Image segmentation is an important basic part of remote sensing interpretation. UAV remote sensing image contains complex ground object information, and the application of traditional segmentation methods is greatly limited. Therefore, an image semantic segmentation method based on deep learning in UAV aerial remote sensing image is proposed. The preprocessed image is input into ISegNet for learning and analysis, and five-classification problem is transformed into 5 binary classification problems for training in the classifier, so as to output high-precision image semantic segmentation results.

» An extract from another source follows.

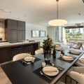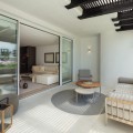 - Iberis 12 is a stunning modern apartment sporting sea views within the exclusive enclave of the Puente Romano Resort on the Marbella Golden Mile. Iberis 12 exudes seaside sophistication, embracing its resort surroundings to depict the luxurious Mediterranean lifestyle. The apartment boasts a stunning covered and ample terrace, catering to alfresco dining and a chill-out area. From the terrace, residents can bask in the beautiful community garden and sea views, creating a relaxing atmosphere. The terrace has direct access to the property’s living area and master bedroom thanks to the floor to ceiling glass sliding doors. The modern and sophisticated interior design can be appreciated through the open-plan kitchen, dining and living area. All three areas seamlessly blend to create a convenient yet aesthetic living space. Neutral colours and touches of natural wood through the flooring and kitchen cabinets complement the space. Modern furniture and finishes elegantly decorate the space, maximising comfort and practicality, while also remaining pleasing to the eye. The fully equipped kitchen sports a stunning kitchen island with marble finished on the counter, which is also present throughout the kitchen. Kitchen appliances can be taken out of site thanks to their position within a cupboard, allowing one to declutter the space. All bedrooms are well appointed and decorated with the finest materials and furnishings, while sticking to the interior design colour pallet. The bedrooms also have their own en-suite bathroom. The master bedroom is an elegant and cosy space, the ideal place to relax and unwind. A privacy glass window separates the bedroom from the bathroom where one can appreciate the stunning grey stone used for the double vanity, shower and bathtub. With its convenient location within Puente Romano, residents are minutes from the beach and close to all exclusive amenities the Resort and Marbella Golden Mile offers.

The experimental results show the following:(1)ISegNet uses pooling index and 1 × 1 Bottleneck layer to further extract image details, so the segmented image is closest to the artificial standard, and the accuracy value reaches 0.901.(2)The proposed method improves the classifier and relearns the classification problem to ensure the segmentation result. Its F1 value is not less than 0.83, and the overall segmentation effect is better than those of other comparison methods.

Although the proposed method can obtain high segmentation precision, the model used is more complex and has more parameters. When the extracted features are more abstract, the model complexity is higher and the training time is longer. In practical application, efficiency needs to be further considered, such as parallel processing. Further optimization will be carried out from the model itself or distributed computing using deep learning framework.

Data Availability

The data included in this paper are available without any restriction.

Conflicts of Interest

The authors declare that there are no conflicts of interest regarding the publication of this paper.

Acknowledgments

This work was supported by Natural Science Research Projects in Colleges and Universities of Anhui Province under Contract no. KJ2020A0719; Chuzhou Science and Technology Planning Program under Contract no. 2021ZD010; key project of research and development in Chuzhou Science And Technology Program under Contract no. 2020ZG016; Open Fund of Hunan Provincial Key Laboratory of Geo-Information Engineering in Surveying, Mapping and Remote Sensing, Hunan University of Science and Technology under Contract no. E22136; and Innovation program for Returned Overseas Chinese Scholars of Anhui Province under Contract no. 2021LCX014.